Recently upgraded to Ableton Live 11 Standard from Live 10 Intro because I needed more tracks and Live 11 Standard has been on sale for 20% off with free upgrade to Live 12 Standard when it releases soon so I figured it was a good time to upgrade and get unlimited tracks.

I’m happy with my PC.
I’m not really super knowledgeable about PC tech things, I’ve always gotten help from more knowledgeable friends when buying the parts for my PC builds over the years and have them with me to help build it.
Never used Mac and don’t want to have to switch if I don’t feel that I need to but I’ll keep it in mind and can figure out what to get on my own if I do get a Mac laptop seeing as there’s TONS of information on the best Mac laptops for audio engineering.
However I don’t see nearly as much about what are the best kinds of Windows laptops for recording.
I’m looking for advice and suggestions to that effect. I’d be happy with anything that’s even comparable to what I’m running in my PC and I’d be ecstatic if it can be done without breaking the bank. I’ve got time to figure this out as I don’t have the money to do get anything right now but in the hopefully not too distant future I’d like to be able to reflect back to this thread to reference for tips.
Thank you. 🙏
 
However I don’t see nearly as much about what are the best kinds of Windows laptops for recording.
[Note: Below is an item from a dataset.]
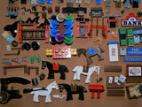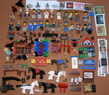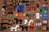 4 TURN-OF-THE-CENTURY BUILDINGS, HUGE AMOUNT OF RARE RETIRED MINIFIGURES (26 MF), ANIMALS & ACCESSORIES, STAGE COACH ETC...

The reason for that is that ACPI and Windows 11's Modern Sleep have thoroughly nerfed PC laptops for a handful of different applications, including low latency audio. That's not to say it's impossible, just that it's a lot harder than it should be. And you absolutely can buy something that will never work right.

I wish I could say "just buy this thing", but...as an example, there are music-focused computer builders/resellers that flat-out don't offer PC laptops anymore because it's such a PITA.

I will say that a few years ago, my (almost exclusively remote) day job bought me a decent (good i5, 32GB Ram, 1 TB NVMe) Dell laptop so that I could actually go to the office for a week without bringing my desktop setup with me (or being totally useless). Well, the trip didn't happen and I eventually decided to try using it with my DJ setup. At the time, I used a PC desktop as my main DAW machine...definitely familiar with getting low-latency audio to work on Windows. And literally the only way I could get it to not click and stutter was to do all the optimizations and set the ASIO buffers to literally 2 seconds.

After doing some research, it turns out that Dell just does that. So, uhh...don't even consider a Dell. IMHO. YMMV. But, I don't think it's changed.

If you're talking about a desktop, I firmly believe that mac vs windows is largely about preference. Even the price-performance ratio isn't all that far off until you get into somewhat specialty things (e.g., need a lot of USB -> PC winds up cheaper; need nVidia graphics/cuda/etc -> PC is your only option; etc.). If you're talking about a laptop, based on what I know now, mac is the best choice.

If you're dead-set on it, I'll ask a DJ friend who gigs with a PC laptop. But, I'm pretty sure he's still refusing to upgrade from a several-year-old machine because he's had to keep returning new laptops that just plain don't work for him.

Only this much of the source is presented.